Following their phylogenetic origin in Africa, humans underwent an evolutionary radiation through three continents, with a diversification that included an uncertain number of species, depending upon the different interpretation of several taxonomic concepts and of the osteological remains. Indeed, the number of human species for which we have modest but fruitful paleontological information are few, say four or five (Figure 1), accompanied by a set of additional and uncertain taxa that are less documented, associated with single excavation sites, or scarcely defined in terms of taxonomy.
Regardless of the precise patterns, timing and composition of our own natural history, we can be reasonably confident that cognitive complexity has been a key factor in our evolutionary adaptations. There are still disagreements on whether our cognitive abilities are unique to our species (in this case, modern humans would have evolved distinctive mental skills that are absent in other species), or are the result of a disproportionate expansion of abilities that are also present in other primates (in this case, the cognitive differences in Homo sapiens would be a matter of degree). However, there is no denying that cognitive complexity is definitely extraordinary in our species, and hence we should investigate when and how such complexity evolved.

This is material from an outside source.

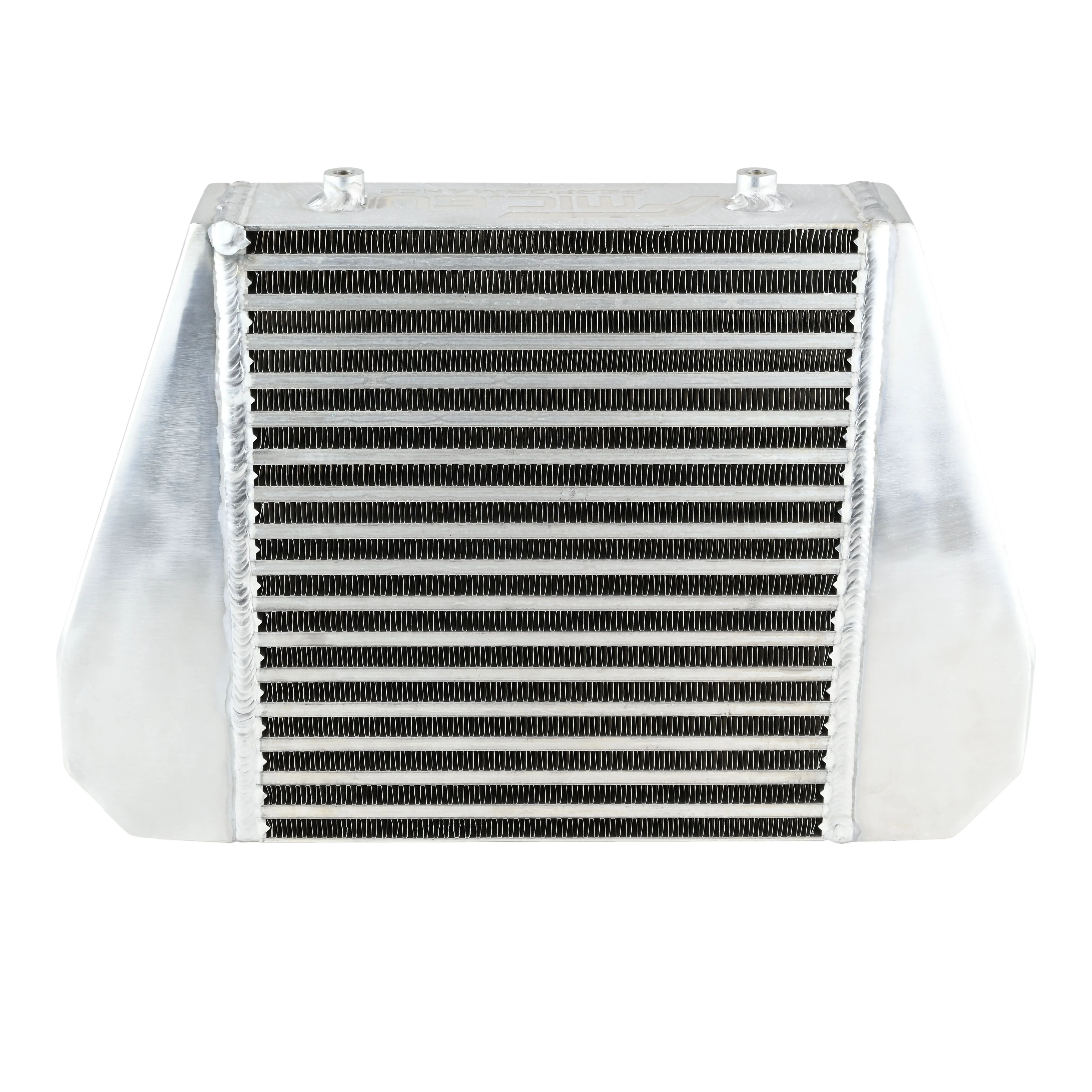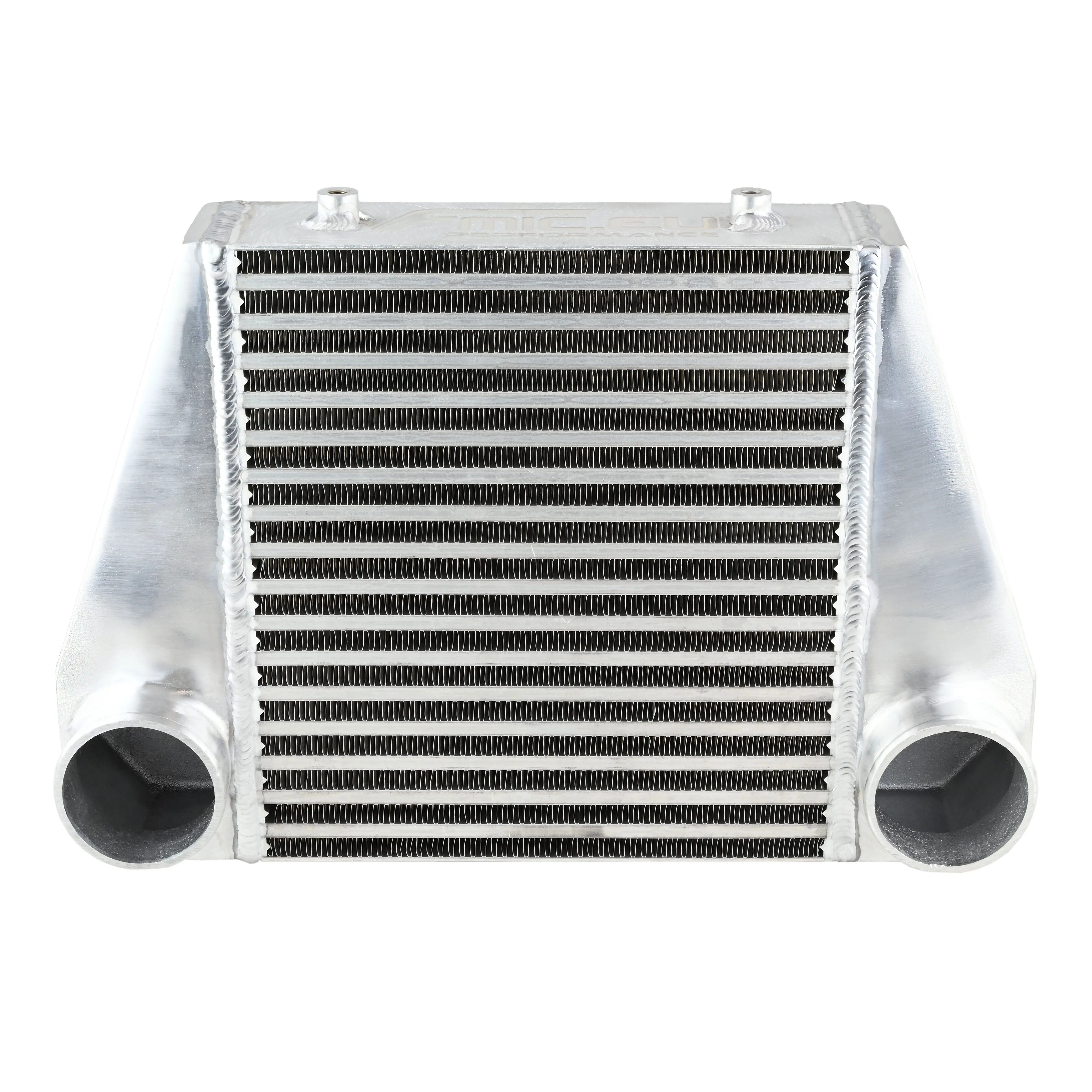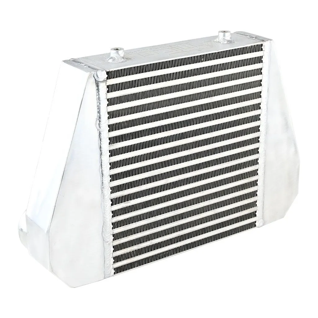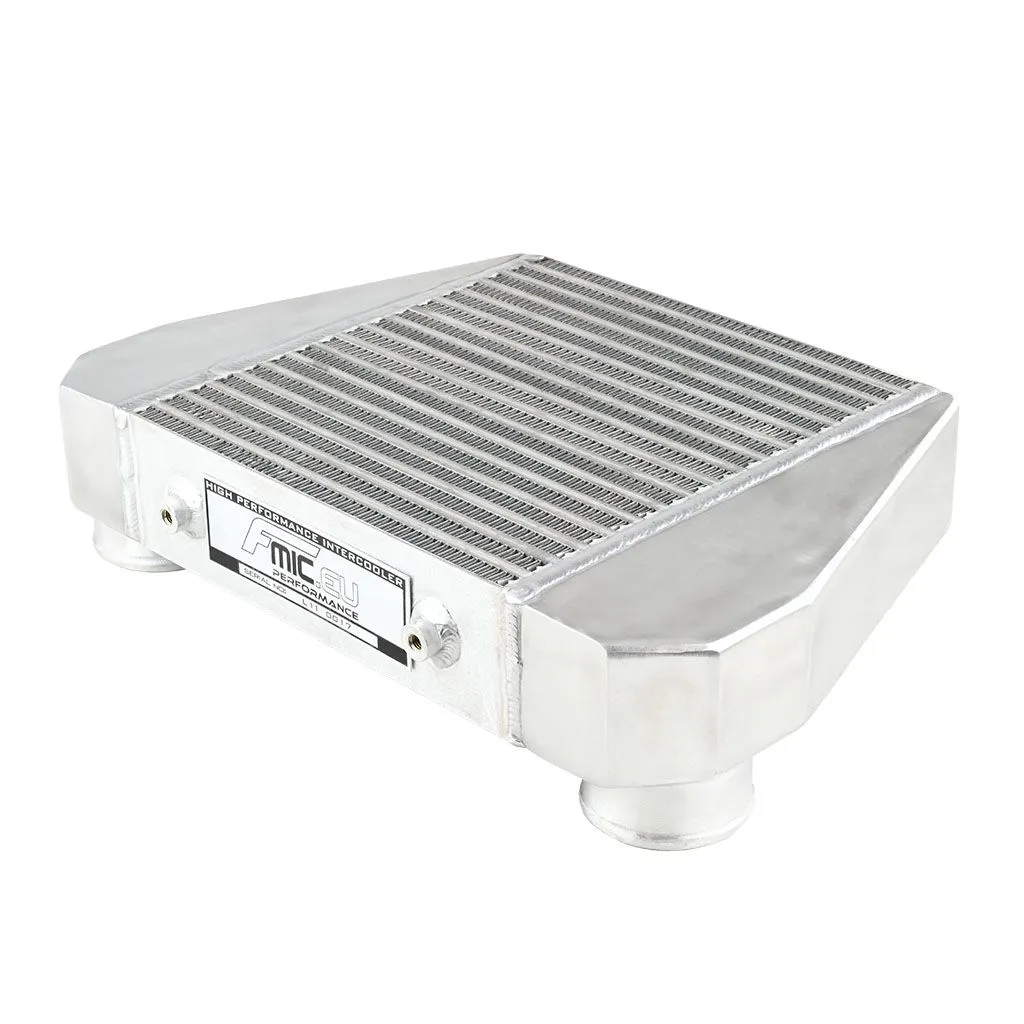 Intercooler o wymiarach rdzenia: 280x300x76mm, całkowite wymiary: 450x300x110mm, średnica wlot/wylot 76mm, wydajność do mocy 500KM. Posiada bardzo wydajny, zarówno wewnętrzny, jak i zewnętrzny rdzeń drugiego typu, grube ścianki wykonane z najwyższej jakości polerowanego aluminium, co gwarantuje ogromną wytrzymałość, świetne chłodzenie, a także doskonałe przepływy powietrza (w przeciwieństwie do intercoolerów z samochodów dostawczych nie "zapychają" dolotu). Znakomicie zastępują seryjne intercoolery zwiększając osiągi samochodu. Nasze intercoolery jako jedyne były testowane ciśnieniem ponad 10 barów - nawet tak duże ciśnienie nie robi na nich żadnego wrażenia. Intercoolery posiadają wytłoczone logo FMIC.EU, które wyróżnia je z tłumu "podobnych" chłodnic dostępnych na rynku. Kupując nasz cooler masz gwarancję otrzymania produktu o najwyższej jakości wykonania ze świetnymi przepływami, charakteryzujący się znakomitym chłodzeniem! W przeciwieństwie do podobnych intercoolerów sprzedawanych w internecie, wszystkie sprzedawane przez nas chłodnice posiadają nowy, dużo wydajniejszy rdzeń drugiego typu! Stary rdzeń widoczny po prawej stronie miał bardzo rzadlko ułożone żeberka, do tego tylko w jednym rzędzie (patrząc przez wlot było widać wylot), co skutkowało słabym chłodzeniem - przelatujące nim powietrze nie oddawało całego ciepła. Za odprowadzenie ciepła odpowiedzialny jest zupełnie nowy, zewnętrzny, złożony z dwóch warstw rdzeń. Jego wewnętrzna część posiada cienkie, dodatkowo nacinane lamelki, które dzięki swojej przewiewności znakomicie oddają ciepło. Ich odpowiednie ułożenie oraz widoczne na zdjęciu nacięcia gwarantują optymalną wentylację (ogromna poprawa chłodzenia w porównaniu do zewnętrznego, montowanego w tańszych coolerach, gęstego rdzenia), natomiast zewnętrzna, mocna warstwa lamelek chroni go przed uszkodzeniami mechanicznymi.Intercooler - FMIC.EU

Among the many cognitive abilities involved in two million years of human evolution, attention has probably played an exceptional role, as a bottleneck for any other mental skills (Rueda 2018; Rueda et al. 2023). Both in terms of evolutionary and psychological networks, attention has been in fact defined as a limiting factor, namely, a feature that constrains the execution and evolution of all the other cognitive aspects (Bruner and Colom 2022). Attention is the capacity to sustain a specific cognitive effort in time and space regardless of internal or external competing stimuli, and as such, it determines the actual efficiency of any (e.g., mnemonic, linguistic, visuospatial, analytic, etc.) mental process. Because of its crucial position within the cognitive network, we must suppose that attentional abilities have undergone important changes throughout the evolution of the genus Homo.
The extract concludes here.